Yamagata Koichi, Kwon Jinhwan, Kawashima Takuya, Shimoda Wataru, Sakamoto Maki
Graduate School of Informatics and Engineering, The University of Electro Communications, Chofu, Japan.
Department of Education, Kyoto University of Education, Kyoto, Japan.
Front Psychol. 2021 Oct 7;12:654779. doi: 10.3389/fpsyg.2021.654779. eCollection 2021.

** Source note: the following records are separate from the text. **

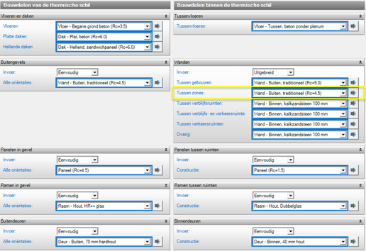 In het Bouwkundig sjabloon kun je straks kiezen voor een automatische toewijzing van een constructie voor wanden tussen zones. Er wordt gekeken naar de zones die zijn opgegeven bij Eigenschappen-Zones, deze zijn nu voor alle modules zichtbaar.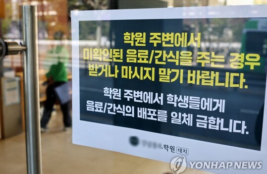 | 9일 서울 대치동의 한 학원에 ‘마약음료’ 관련 안내문이 붙어 있다. (사진=연합뉴스) |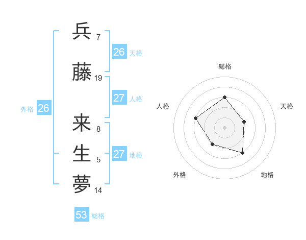 兵藤 来生夢さんの総格は53画の3点!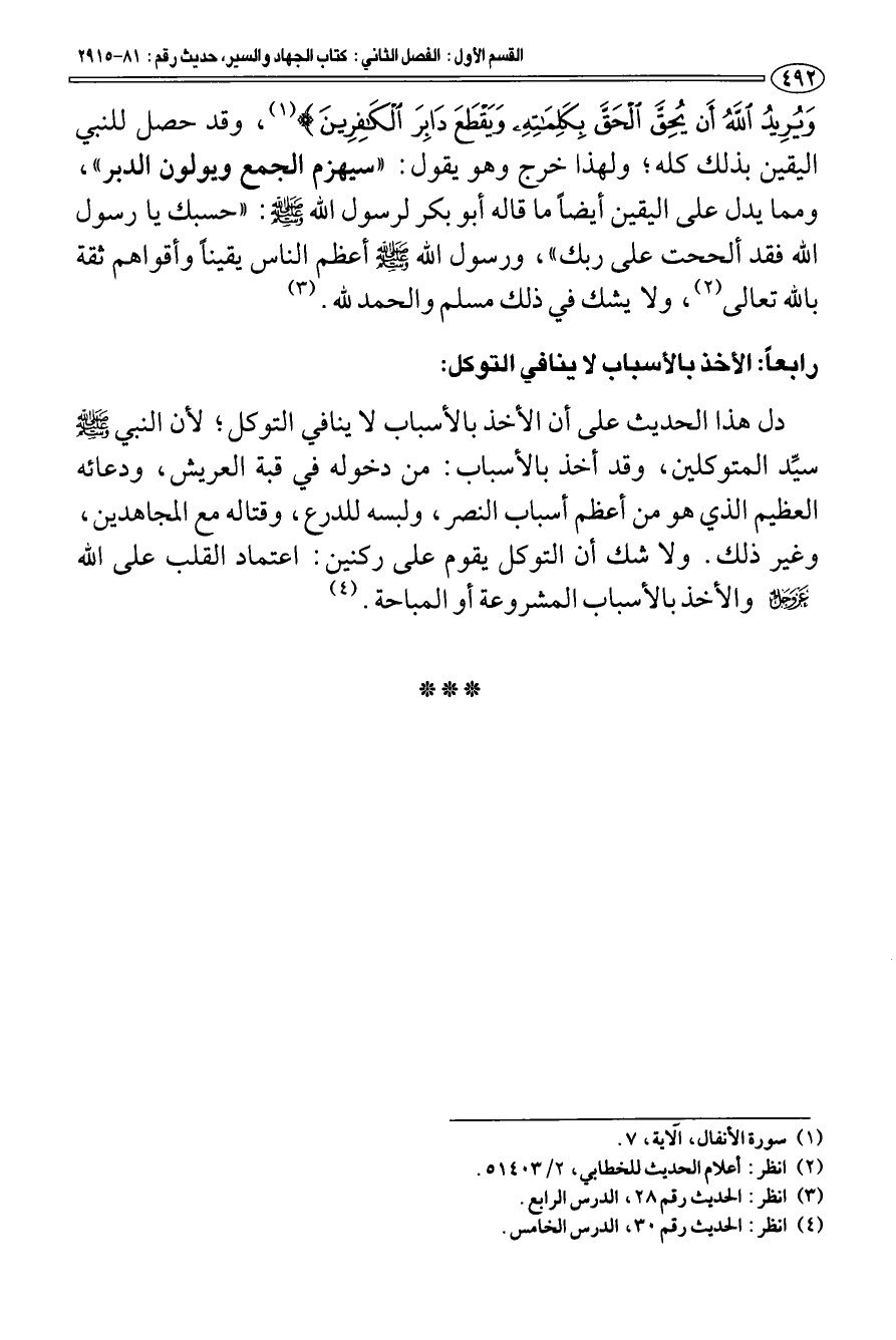 وقد حصل للنبي اليقين بذلك كله؛ ولهذا خرج وهو يقول: {سَيُهْزَمُ الْجَمْعُ وَيُوَلُّونَ الدُّبُرَ} [القمر: 45] ومما يدل على اليقين أيضا ما قاله أبو بكر لرسول الله صلى الله عليه وسلم: " حسبك يا رسول الله فقد ألححت على ربك "، ورسول الله - صلى الله عليه وسلم - أعظم الناس يقينا وأقواهم ثقة بالله تعالى (¬1). ولا يشك في ذلك مسلم والحمد لله (¬2).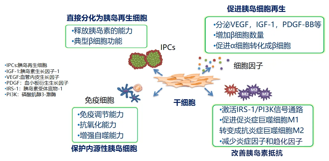 通过回输干细胞增加胰岛β细胞,即可有效调节血糖水平、胰岛素水平、改善胰岛功能和受控的胰岛素抵抗。
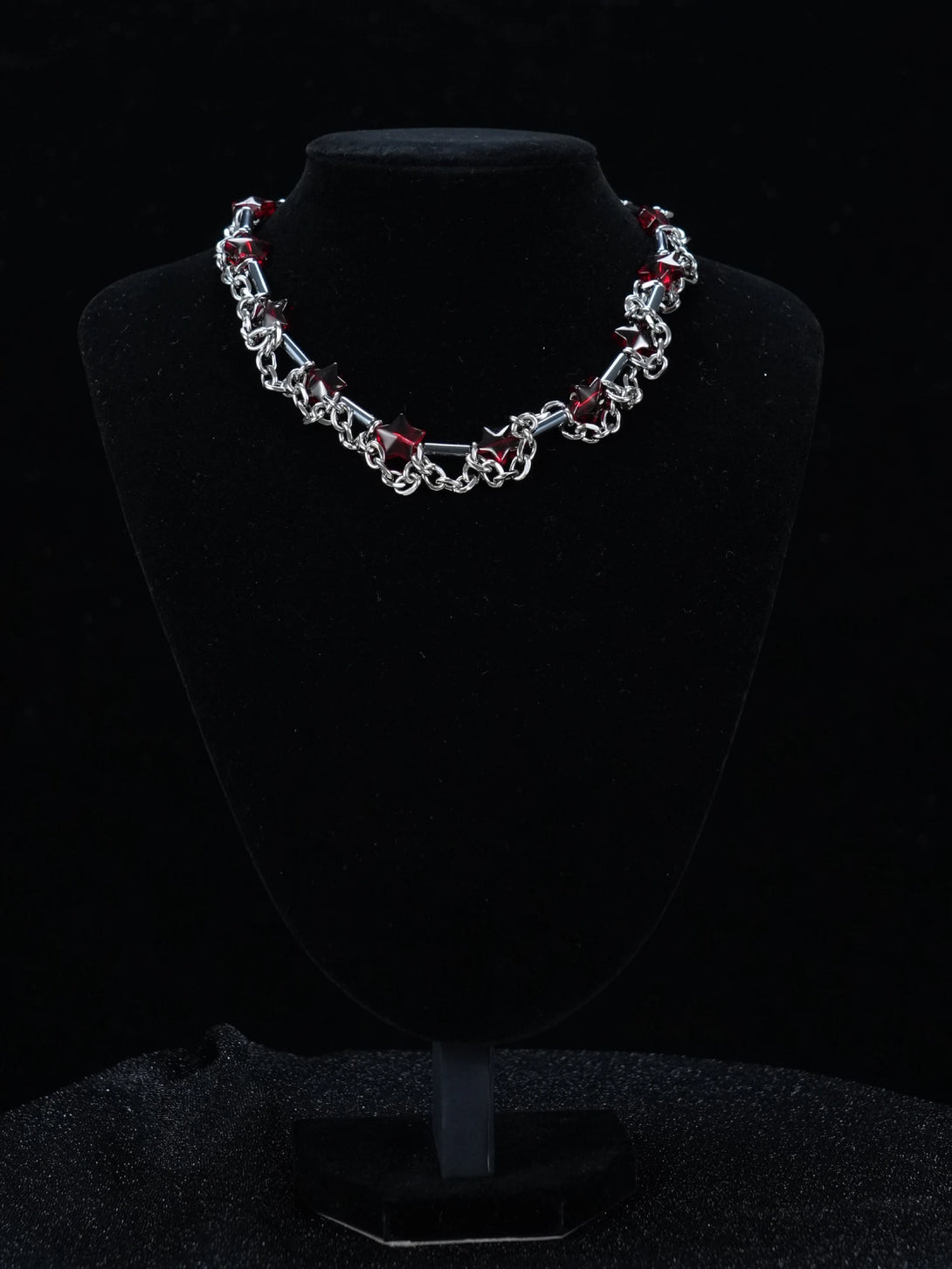 Crafted with a bold silver-tone chain and fiery red crystal-like stones, this piece adds a dark romantic vibe to any outfit. Whether you're channeling your inner punk princess or dressing up for a midnight rave, this necklace delivers sleek danger with a touch of glam.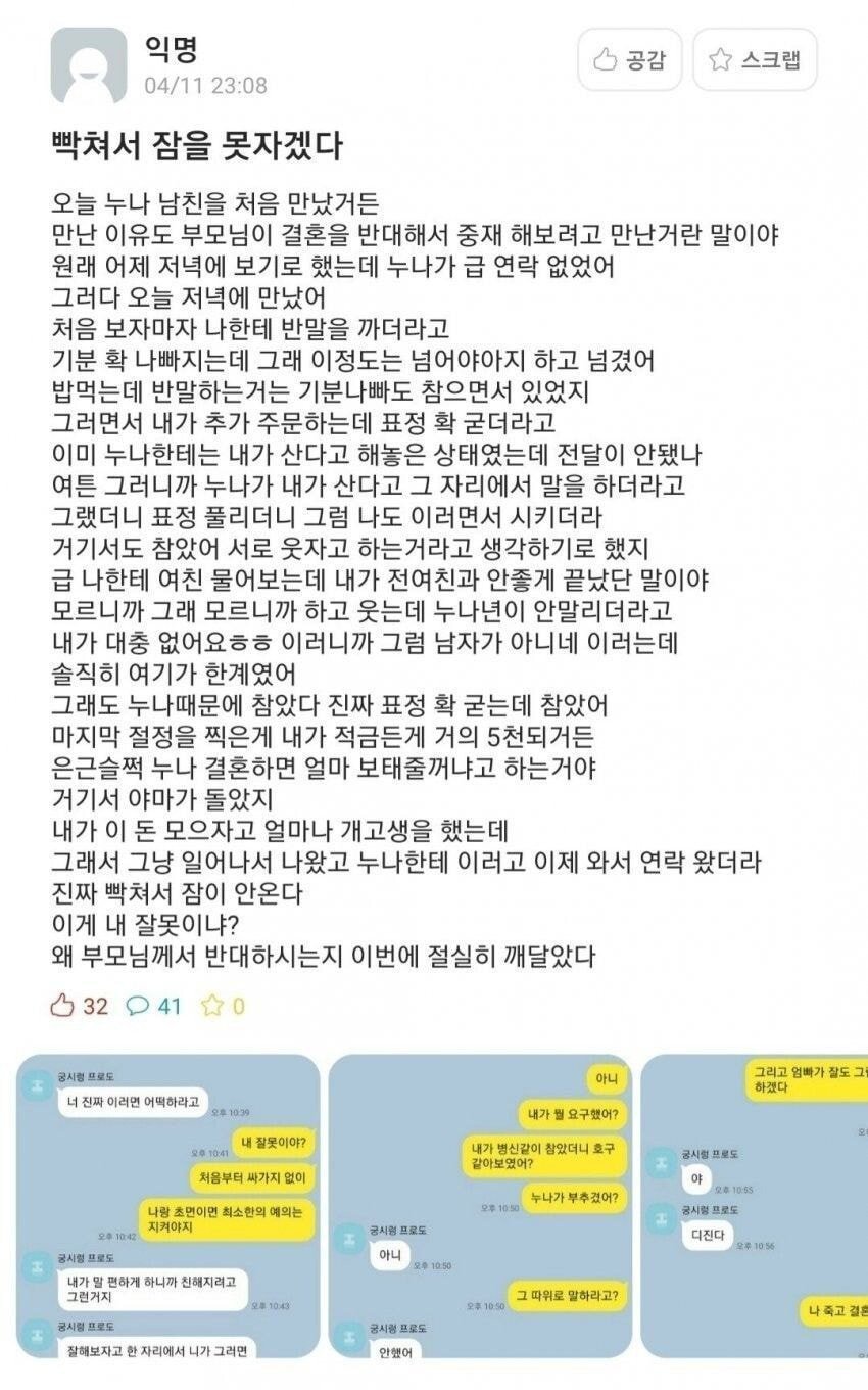근데 가뜩이나 부모님의 반대하는 결혼에 남동생 5천만원이 아쉬운 결혼하면서 남동생 학비를 대주느라 대학포기하고 공장간 수준아니면 당당히 요구할 수 없는데 동생이 화가 났다는데도 신경긁는 남친 통제 못하는게 이해 안감. 누나나 남친이나 구걸하는 주제에 정중함은 눈꼽만큼도 없음.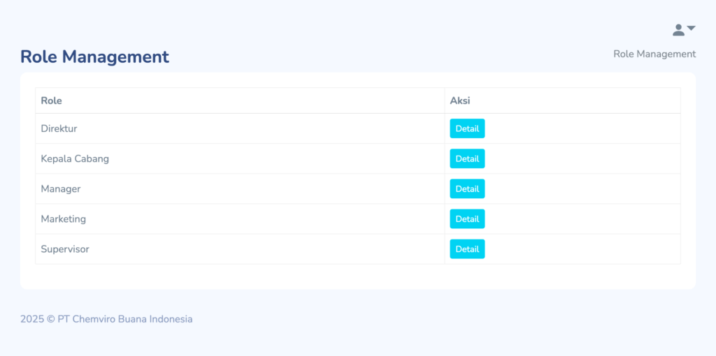 Dari halaman ini, Admin dapat membuka pengaturan setiap role dengan menekan tombol Detail.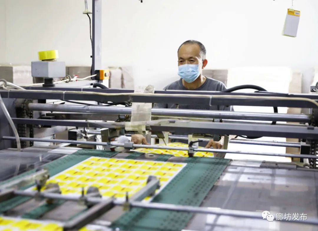 图为在固安县工业园一印刷公司生产车间,工作人员对印刷品进行不干胶模切。 吴迪 摄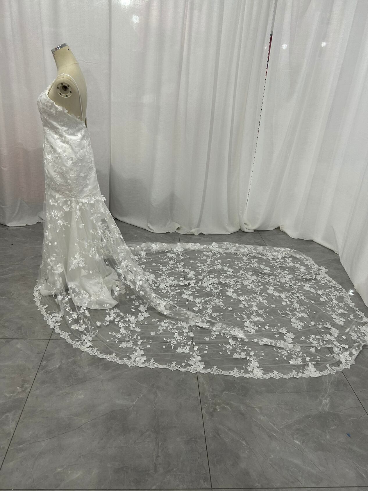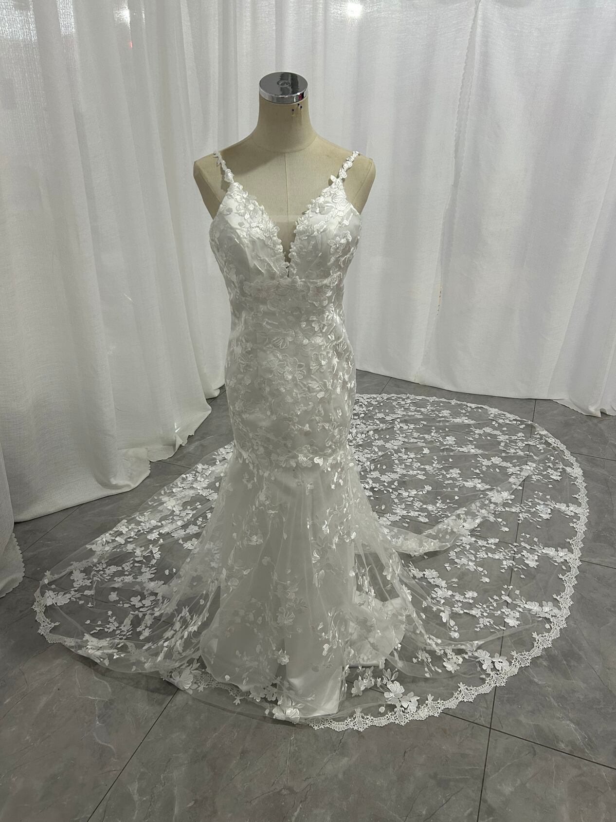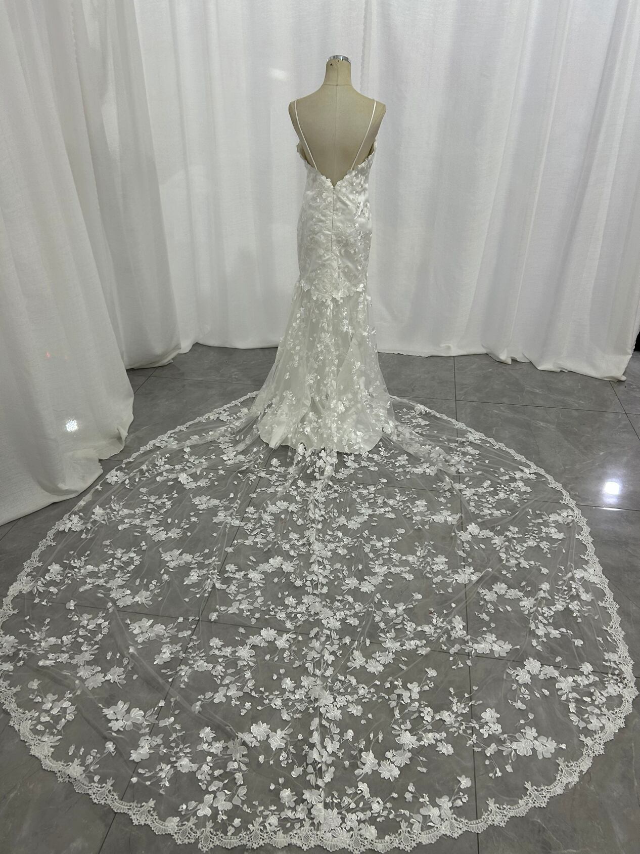 上品! オフホワイト キャミソール 流れる透け花レース ウエディングドレス 華やかなトレーン 花嫁/結婚式/披露宴/

The major goals of texture research in computer vision are to understand, model, and process texture and ultimately simulate human visual information processing using computer technologies. The field of computer vision has witnessed remarkable advancements in material recognition using deep convolutional neural networks (DCNNs), which have enabled various computer vision applications, such as self-driving cars, facial and gesture recognition, and automatic number plate recognition. However, for computer vision to "express" texture like human beings is still difficult because texture description has no correct or incorrect answer and is ambiguous. In this paper, we develop a computer vision method using DCNN that expresses texture of materials. To achieve this goal, we focus on Japanese "sound-symbolic" words, which can describe differences in texture sensation at a fine resolution and are known to have strong and systematic sensory-sound associations. Because the phonemes of Japanese sound-symbolic words characterize categories of texture sensations, we develop a computer vision method to generate the phonemes and structure comprising sound-symbolic words that probabilistically correspond to the input images. It was confirmed that the sound-symbolic words output by our system had about 80% accuracy rate in our evaluation.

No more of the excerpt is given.